The number of zero-car families is rising for the first time in decades, largely due to a proliferation of alternative types of transportation. In 2011, the percentage of U.S. households without a car reached 9.3 percent. Would you ditch your car? 

Mary Knox Merrill/Christian Science Monitor/File
People commute to work on bicycles in the London Kensington district. 2011 data shows that 9.3 percent of U.S. households do not own a car, the highest percentage in decades.

If you really want to reduce emissions or conserve energy, get rid of your car.

It may sound extreme, but an increasing number of Americans are doing just that. The number of "Zero-Car Families" is rising, according to AOL Autos.

For the first time in several decades, the American Association of State Highway and Transportation OfficialsNational Report on Commuting Patterns and Trends found an increase in the share of American households that don't own cars. 

Starting in 1960, the number of American households without a car began dropping, reaching a low of 8.7 percent in 2007.

However, by 2011--the latest year for which data is available--that number had risen to 9.3 percent.

While the economic fallout from the Great Recession may have had some impact, the study's authors believe a proliferation of alternative types of transportation is a major factor in the decline of car ownership.

People are more likely to bike, walk, or take mass transit, they said, and many people are now working from home thanks to advances in communications technology.

Car sharing is another new option. Zipcar or local city car-sharing services can substitute for an individual vehicle owned by some city dwellers.

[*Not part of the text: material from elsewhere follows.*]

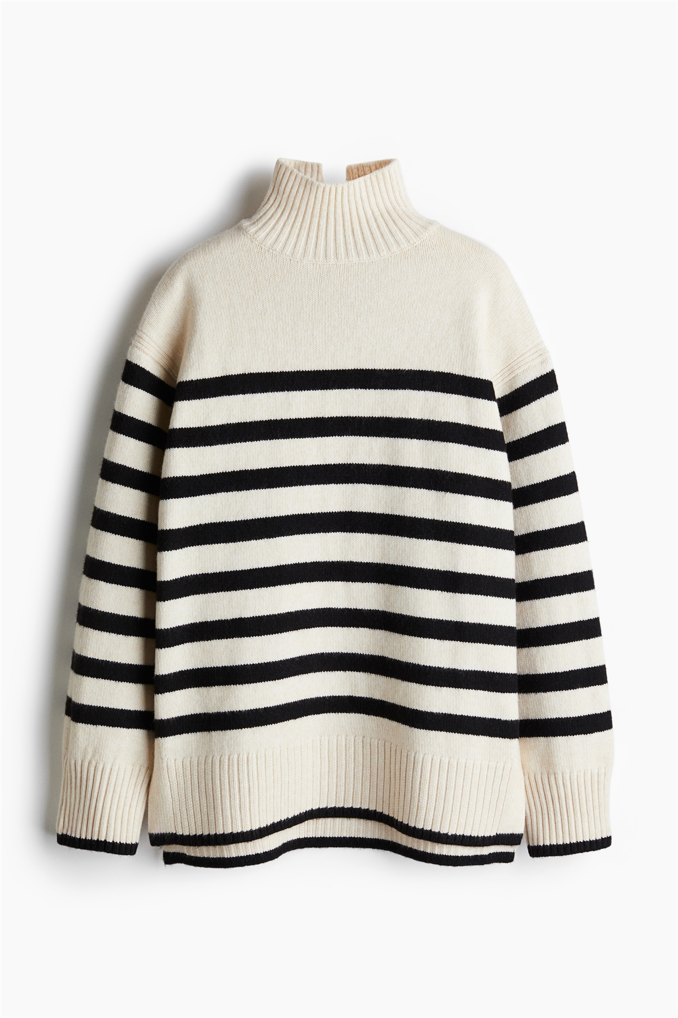 Джемпер оверсайз из мягкого трикотажа с добавлением шерсти. Ребристая горловина-поло и V-образная пройма сзади на шее. Спущенные плечи и длинные, широкие рукава. Ребрышки на манжетах и подоле, высокие разрезы по бокам.

The study jibes with Federal Highway Administration data released in February, which shows that annual per-capita vehicle miles traveled (VMT) peaked in 2004 and have since declined steadily.

Finally, there's the persistent narrative that Millennials don't care much about owning cars, because of a combination of lack of funds, environmentalism, and a preference for digital technology.

Ditching a car would certainly be a thorough way to reduce your personal emissions profile; a car can't pollute if it doesn't exist. Even an all-electric Nissan Leaf can't beat that logic.

Still, given the suburban infrastructure and society we've built since World War 2--which requires a vehicle, if not two or three--cars have little chance of disappearing, at least in our lifetimes.

What would it take for your household to go without a personal vehicle?